A cheaper and more explicit way of achieving this would be to just take the check from that function:

require(IDtoAddress[_id] != address(0x0), "MetaERC20Wrapper#getIdAddress: UNREGISTERED_TOKEN")

Appendix 3 - Disclosure

ConsenSys Diligence (“CD”) typically receives compensation from one or more clients (the “Clients”) for performing the analysis contained in these reports (the “Reports”). The Reports may be distributed through other means, including via ConsenSys publications and other distributions.

The Reports are not an endorsement or indictment of any particular project or team, and the Reports do not guarantee the security of any particular project. This Report does not consider, and should not be interpreted as considering or having any bearing on, the potential economics of a token, token sale or any other product, service or other asset. Cryptographic tokens are emergent technologies and carry with them high levels of technical risk and uncertainty. No Report provides any warranty or representation to any Third-Party in any respect, including regarding the bugfree nature of code, the business model or proprietors of any such business model, and the legal compliance of any such business. No third party should rely on the Reports in any way, including for the purpose of making any decisions to buy or sell any token, product, service or other asset. Specifically, for the avoidance of doubt, this Report does not constitute investment advice, is not intended to be relied upon as investment advice, is not an endorsement of this project or team, and it is not a guarantee as to the absolute security of the project. CD owes no duty to any Third-Party by virtue of publishing these Reports.

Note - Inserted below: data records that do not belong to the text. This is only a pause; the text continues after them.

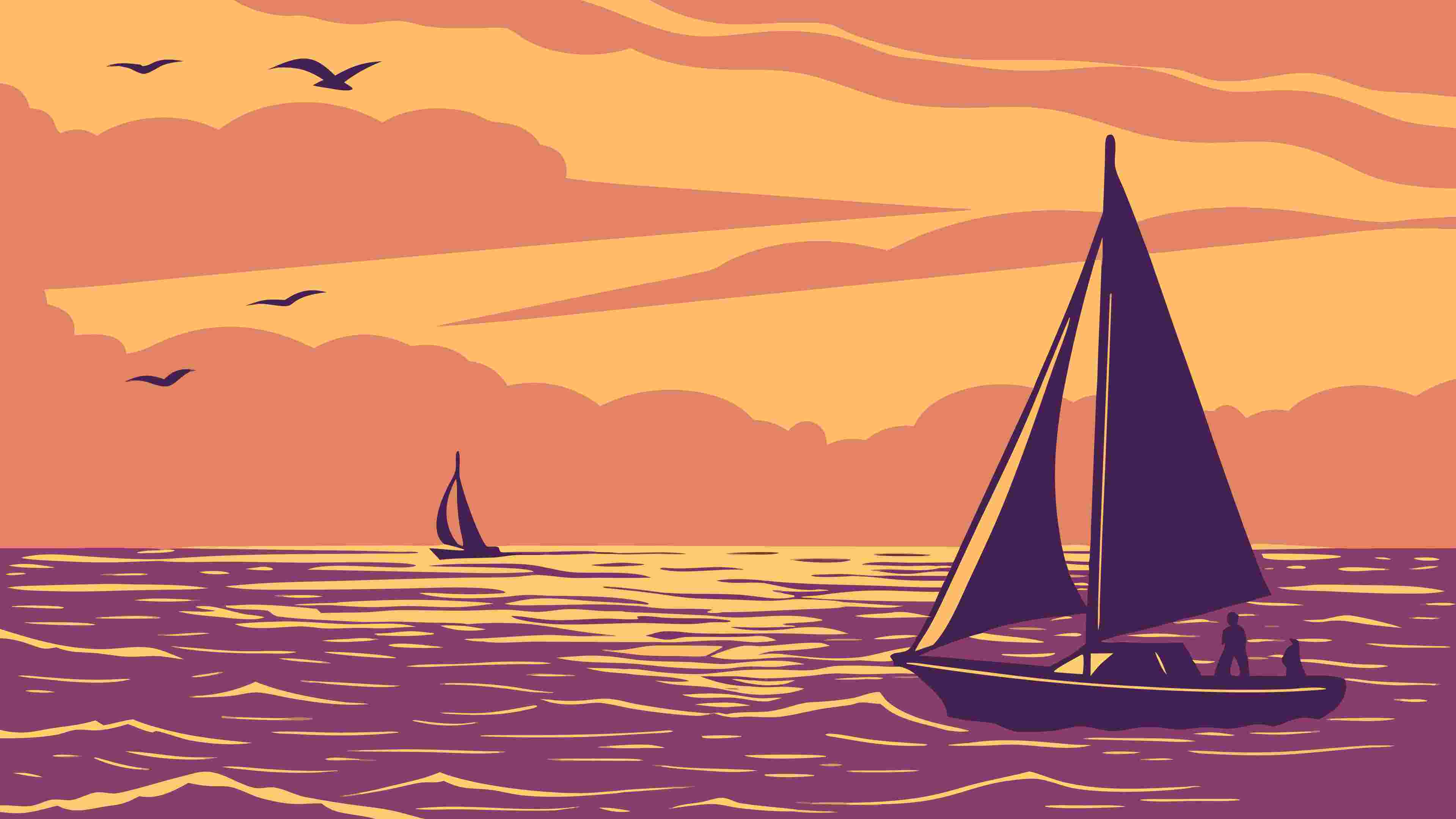 A picturesque vector illustration of sailboats leisurely cruising on the ocean at sunset, capturing the vibrant hues of the sky. This serene design is perfect for travel brochures, vacation advertisements, marine themes, or peaceful backgrounds. Its warm colors and tranquil composition evoke a sense of calm and freedom, ideal for inspiring relaxation and dreams of the open sea, vector design Generative AI.
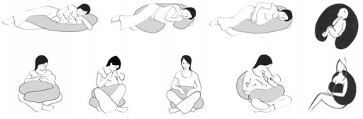 Poduszka ciążowa jest wielofunkcyjna i komfortowa długość ok. 115 cm. Dzięki temu u przyszłej mamy zapobiegnie uciążliwym dolegliwościom bólowym oraz obrzękom kończyn. Umożliwia wygodne spanie na boku co jest szczególnie korzystne dla kobiet w trzecim trymestrze ciąży, kiedy rosnący brzuszek zaczyna mocno przeszkadzać w spaniu. Sprawdza się również przy schorzeniach karku i kręgosłupa.
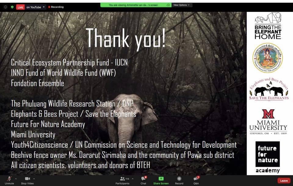 In een webinar op vrijdag 18 september presenteerden Bring The Elephant Home, the Future of Nature Academy, Miami University’s Project Dragonfly en een collectief van internationale olifantenonderzoekers de nieuwe publicatie “Bijenkorfhekken als een duurzame lokale oplossing voor conflicten tussen mens en olifant in Thailand” en andere innovatieve projecten voor het behoud van olifanten.
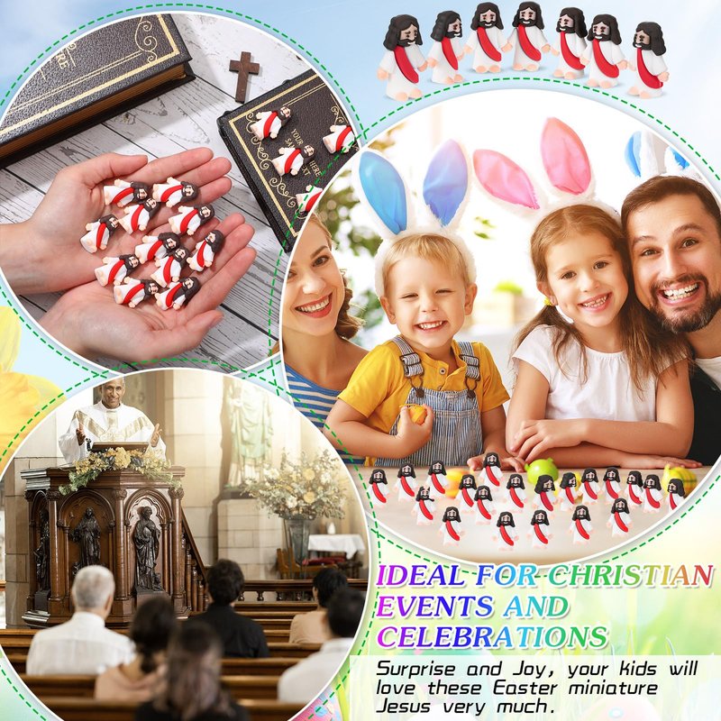 - Ideal Party Gift Solution: hand out our tiny Jesus dolls as party favors and watch as they evoke joy and spiritual connections among your guests; These tiny Jesus dolls not only serve as exquisite Easter decorations but also as mementos of the significance of Easter celebrations, can be applied for church Easter egg, school outings and other religious activities, bringing you a happy holiday
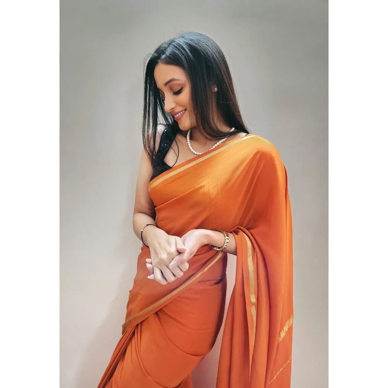తాజాగా మరిన్ని గ్లామర్ ఫొటోలను కూడా పంచుకుంది. ఆరెంజ్ శారీలో, స్లీవ్ లెస్ బ్లౌజ్ లో పరువాలను ప్రదర్శించింది. చీరకట్టులో టాప్ గ్లామర్ షోతో చూపు తిప్పుకోనివ్వకుండా చేసింది. శారీ లుక్ లో యువతను ఉక్కిరిబిక్కిరింది. మరోవైపు అదిరిపోయే ఫోజులతోనూ నెటిజన్ల మతులు పోగొడుతోంది.
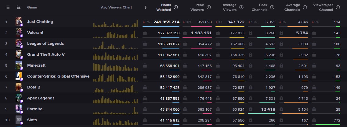 Kategorija igralnih avtomatov na Twitchu je ogromna, saj je celo 10. največja kategorija glede na gledanih ur v zadnjih 30-ih dneh, takoj za Fortnitom in pred World of Warcraftom, med dvema največjima igračarskima velikanoma.
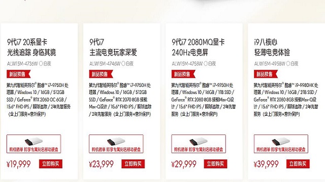 i9-9980HK + RTX 2080 Max-Q + 16GB + 2TB SSD:39699/39999 元(月球暗面/白夜)
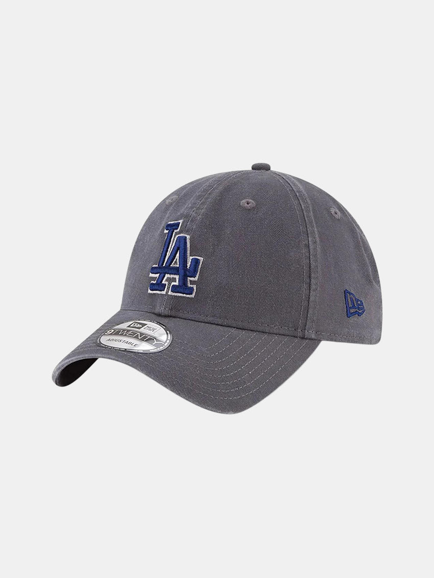 Mørkegrå cap i bomuld med blåt LA logo fra New Era.
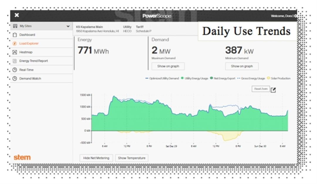 KS partnered with Hawaiian Electric Companies and Stem, Inc., a California-based company that pairs artificial intelligence with advanced storage systems.KS’ operations staff across the three campuses worked with the partners to install new sensors known as PowerMonitors on electrical equipment and solar power systems on campus.

PURPOSE OF REPORTS The Reports and the analysis described therein are created solely for Clients and published with their consent. The scope of our review is limited to a review of Solidity code and only the Solidity code we note as being within the scope of our review within this report. The Solidity language itself remains under development and is subject to unknown risks and flaws. The review does not extend to the compiler layer, or any other areas beyond Solidity that could present security risks. Cryptographic tokens are emergent technologies and carry with them high levels of technical risk and uncertainty.

CD makes the Reports available to parties other than the Clients (i.e., “third parties”) – on its website. CD hopes that by making these analyses publicly available, it can help the blockchain ecosystem develop technical best practices in this rapidly evolving area of innovation.

LINKS TO OTHER WEB SITES FROM THIS WEB SITE You may, through hypertext or other computer links, gain access to web sites operated by persons other than ConsenSys and CD. Such hyperlinks are provided for your reference and convenience only, and are the exclusive responsibility of such web sites’ owners. You agree that ConsenSys and CD are not responsible for the content or operation of such Web sites, and that ConsenSys and CD shall have no liability to you or any other person or entity for the use of third party Web sites. Except as described below, a hyperlink from this web Site to another web site does not imply or mean that ConsenSys and CD endorses the content on that Web site or the operator or operations of that site. You are solely responsible for determining the extent to which you may use any content at any other web sites to which you link from the Reports. ConsenSys and CD assumes no responsibility for the use of third party software on the Web Site and shall have no liability whatsoever to any person or entity for the accuracy or completeness of any outcome generated by such software.

TIMELINESS OF CONTENT The content contained in the Reports is current as of the date appearing on the Report and is subject to change without notice. Unless indicated otherwise, by ConsenSys and CD.